アメリア会員インタビュー

英語の映像翻訳で得たスキルをヒンディー語翻訳にも応用。「いかに明るく、嫌味なく仕上げるかというのがインド映画なんです」

岡田 :大学卒業後すぐにフリーとして英語の映像翻訳のお仕事をはじめられた藤井さん。今は英語だけでなく、インド映画も数々翻訳し、お忙しい毎日を過ごされています。英語の字幕翻訳で得たスキルがヒンディー語の字幕翻訳にも役立つようになったんですね。

藤井 :そうですね。大学にいるころは自分がヒンディー語の字幕翻訳をするようになるとは思っていませんでしたが、今では英語での経験を生かしながらヒンディー語の翻訳をしています。でもインド映画の需要は少ないので、マーケットとしては厳しい世界です。

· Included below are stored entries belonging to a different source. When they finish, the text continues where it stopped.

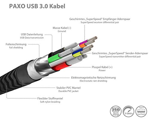 Cavo USB di tipo C 30cm / 0,3 Meter USB auf USB Typ C Kabel, USB 3.0, schwarz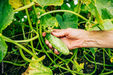 Closeup human hand picking ripe cucumber. Farmer gathering organic vegetable at eco farm plantation. Organic natural home veggie growing and cultivation. Agribusiness and independent farming
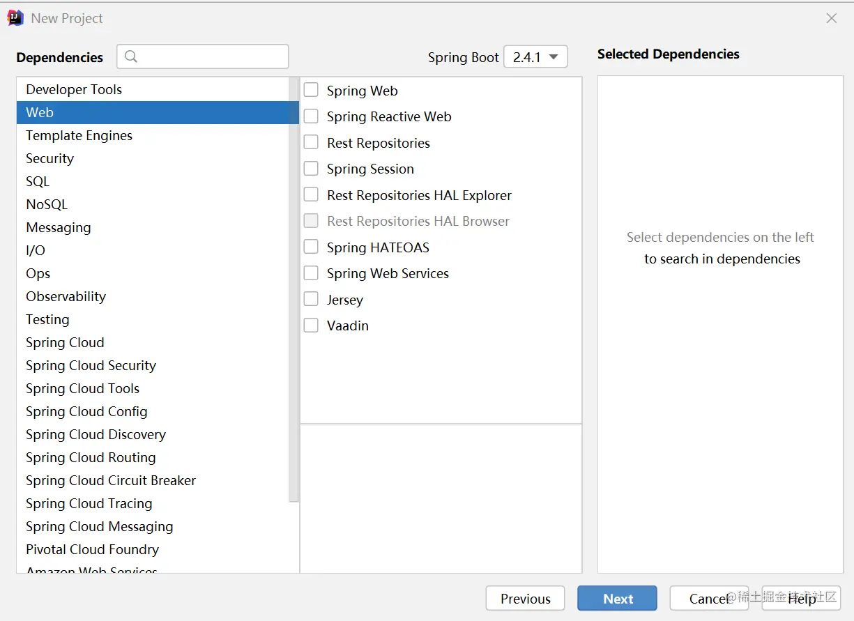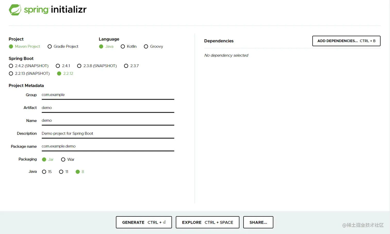 开发工具创建项目本质还是通过上述网站创建,只是创建过程由开发工具完成。下面以IDEA为例说明(也可以在Eclipse中通过STS创建)。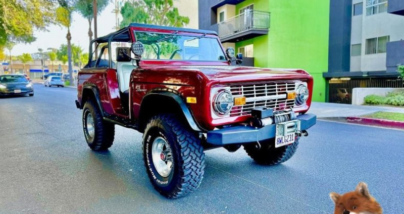 - Marque : Ford - Modèle : Bronco - Année : 1976 - Couleur extérieure : Burgundy - Couleur intérieure : Gris - Type de carrosserie : SUV - Transmission : Manuelle - Moteur : 302 cubic inch V8 - Drivetrain : 4X4 - Kilométrage : 18 938 miles (environ 30 500 km). Provenance : California. Disponibilité : environ 7 semaines, clés en main. 90 000 € tout compris (importation, taxes, procédure d'immatriculation). Annonce publiée le 31/12/2025

岡田 :『ムトゥ』のようなヒット作が今後続々と出るといいですね。インドの映画はよくインド料理のレストランで見かけますが、映像的にとてもおもしろいので見入ってしまいます。言葉がわからなくても観客を飽きさせない、独特の魅力がありますね。

藤井 :それをもっとたくさんの方に知ってほしいですね。よく「インド映画っていつも踊ってるか歌ってる」って言われるんですが(笑)、実際、歌はとても大事なストーリーの一部なんですよ。でも私は大学1年のころは見てもわからないことが多すぎて、4、5分あるような歌のシーンは飛ばして見ていました。そのうちにだんだん言葉の意味がわかるようになると、歌がとても重要だったということに気づきました。インド映画は、民間信仰と密接な関係があり、神話の舞台を映画化したものからスタートしたものなんです。それは歌物語とも言えるもので、舞台がベースにあると言ってもいい。そこに気づいてからは、歌の部分をじっくり見るようになりました。

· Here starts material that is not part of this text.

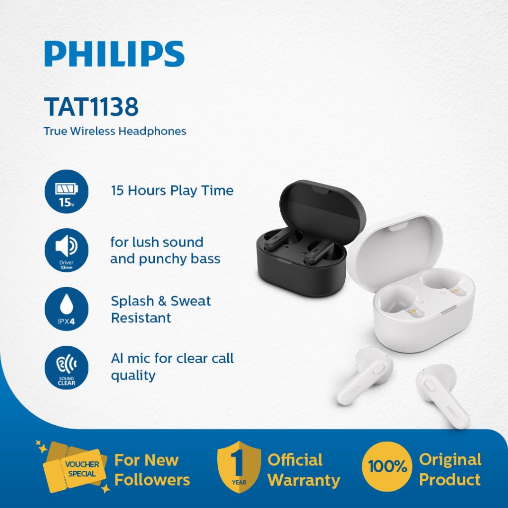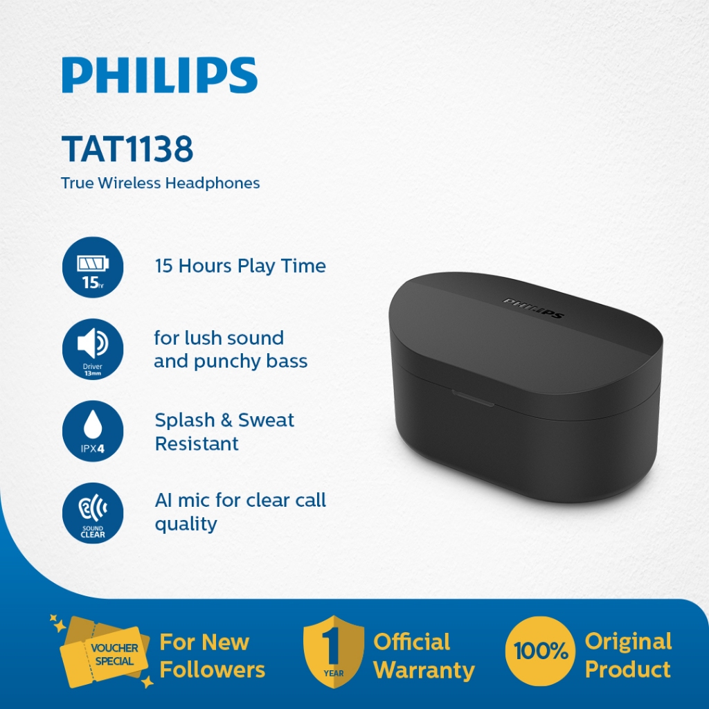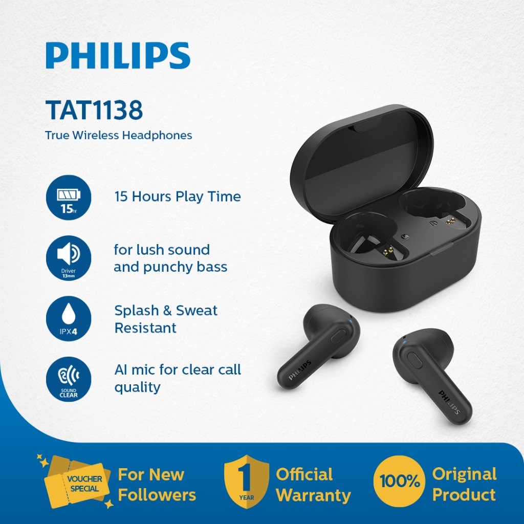 PHILIPS TAT1138 Sport True Wireless With AI Mic for Clear Calls

岡田 :そうだったんですか。なるほど、あれは舞台が進化したものなんですね。

藤井 :はい。だから多くのインド映画は歌がひとつのストーリー。歌詞を理解してこそのインド映画なんです。インドは詩の文化で、詩が生活に密着していて、字が読めない人でも歌詞はわかるという人もいる。民間伝承が根強い文化ですから、口々に語りつがれたお話が歌詞になっていることもあります。日常の恋愛ストーリーに文語的な表現の詩が登場したりすることもよくあります。外国人からするとわかりづらいですけどね。

岡田 :初めて知りました! インド映画、ますます興味深い。

藤井 :でも近頃はだいぶ変わってきて、かなりきわどいシーンなんかもでてくるようになりました。もちろんハリウッドほどではないですけど(笑)。インド映画って、ベッドシーンなどを生々しく表現せず、歌や踊りで象徴的に表現することもあるんです。でもそれが実は主人公の妄想のなか、なんてこともあったり。いかに明るく、嫌味なく仕上げるかというのがインド映画なんです。

岡田 :おもしろいですね、伝統的な詩の世界と現代映画がみごとにコラボしているインド映画。さっそく見てみたくなりました!